Piszę ten tekst z perspektywy młodego fotografa, który szuka pasji w zdjęciach i kocha doświadczać świat za pomocą fotografii. Być może ta recenzja nie wniesie zatem do Waszego życia żadnych nowych informacji na temat tego kultowego aparatu i nie dowiecie się z niej nowinek technicznych ani tego, czy warto wydawać tyle pieniędzy na czerwony napis z ładną czcionką.
Zacznę od zalet podróżowania z aparatem Leica M6. Jest mały, niewidoczny i cichy w obsłudze. Od pierwszego spotkania absolutnie zakochałem się w dźwięku migawki, co dla mnie jest czystym „ASMR for photographers”. Pewny chwyt, ciężka, lecz przyjemna konstrukcja w dłoni i lecimy.
Spakowałem cztery rolki klasycznego Golda 200 z nadzieją, że mi wystarczą – oczywiście nie wystarczyły, bo robienie zdjęć tym aparatem jest dosyć uzależniające. Jak wspomniałem wcześniej, dużą zaletą tego aparatu jest jego niepozorność w tłumie. W końcu stereotyp bogatego hipstera „with a red dot” nie bez powodu się sprawdza. Raczej byłem traktowany jako turysta i pasjonat, a nie fotograf, który zaraz wymierzy pełną dawkę flesza w twarz señor y señora. Kadry, jakie przywiozłem z tego wyjazdu, to głównie ludzie, trochę architektury i klasyczne pocztówki z podróży. Leica jako aparat do streeta jest bez wątpienia odpowiednim narzędziem do tego typu fotografii.
Jeśli chodzi o wady, to do moich ulubionych nie należało zmienianie filmu. Pewnie wielu użytkowników tej marki nie zgodzi się ze mną, ale dla mnie zmiana filmu jest czasochłonna, a rozwiązanie pod tytułem „bo trzeba mieć dwie M6” raczej mnie nie przekonuje.

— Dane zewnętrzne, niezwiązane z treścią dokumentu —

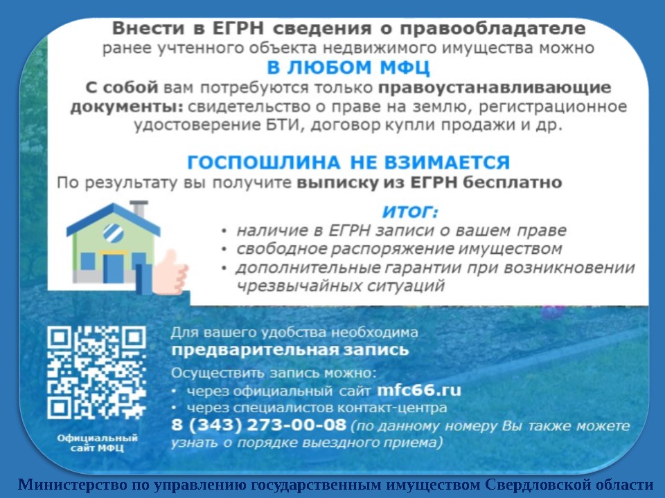 Мингосимущество информирует о проведении на территории Свердловской области масштабной работы, направленной на оформление в надлежащем порядке прав граждан, возникших в отношении объектов недвижимости до 31 января 1998 года, то есть до даты вступления в силу Федерального закона от 21 июля 1997 года № 122-ФЗ «О государственной регистрации прав на недвижимое имущество и сделок с ним».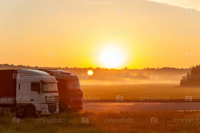 Солнце восходит над двумя припаркованными грузовиками на обочине дороги, с туманом в поле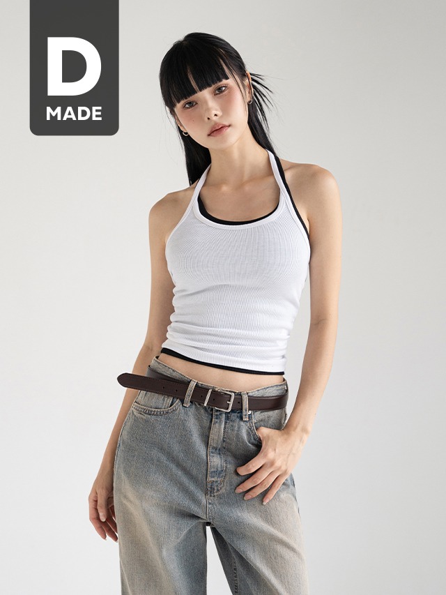 [1천장돌파][MADE] 빅사이즈 44-99 알로 스트랩 홀터넥 스판 골지 레이어드 세미 크롭 나시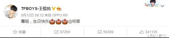 有小鲜肉王俊凯早上九点在微博上发文祝福写道:“幂姐,生日快乐。”看来这孩子还是懂事的孩子呀,让我们看到TFBOYS组合,就会让我们想起多年的“小虎队”,如今的小虎队们都已经成为了荧屏的大哥大,再也不会再去唱《一路顺风》《蝴蝶飞呀》等的小青春的歌曲了,如今他们成了70、80后的最美的回忆。而他们之后的TFBPYS似乎走得就是当年小虎队的路子。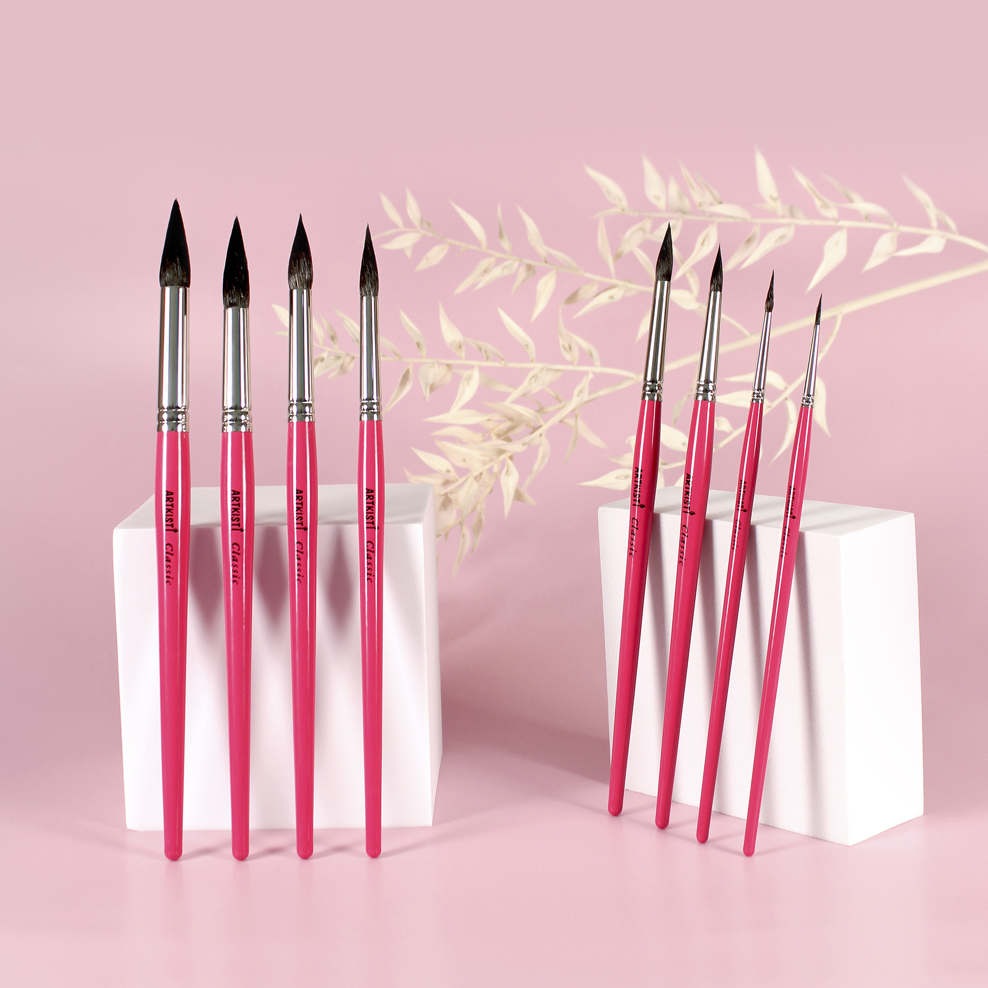 Характеристика: для производства кистей этой серии использован натуральный ворс черной сибирской белки 50% и черной синтетики 50%. Кисти из такого материала мягкие и эластичные. Кисти изготовлены с круглым пучком, который заострен к кончику. Пучок кисти надежно зафиксирован цельнотянутой металлической обоймой. Кисти выполнены на короткой деревянной ручке. Диаметр мазка соответствует номеру кисти. Применение: кисти этой серии используются в основном для выполнения работ в техниках акварельной живописи. На усмотрение художника возможно использование с другими художественными материалами. Производство: изготавливается компанией «Альбатрос», которая начала свою деятельность в 1989 году в городе Новосибирск. Компания хорошо зарекомендовала себя на рынке художественных товаром. Она постоянно работает над расширением своего ассортимента. Сегодня «Альбатрос» выпускает художественные кисти, холсты, ящики для красок и различные аксессуары для художников.

W zestawie z aparatem Leica M6 miałem obiektyw TTArtisan 35mm F2 APO, który wizualnie świetnie imituje Summicrona, ale niestety nie w samym obrazie. Jest to mniej ostry obiektyw, który nie radzi sobie świetnie w każdych warunkach. Jako osoba, która uznaje slogan „nie sprzęt, a technika”, myślę, że są to wady, które wielokrotnie bym zaakceptował, zanim kupiłbym Summicrona w cenie piętnastu TTArtisan’ów.
Podsumowując mój wyjazd z aparatem Leica M6, uznaję go za świetny czas.
Dziękuję ekipie Interfoto.eu za zaufanie i do następnego!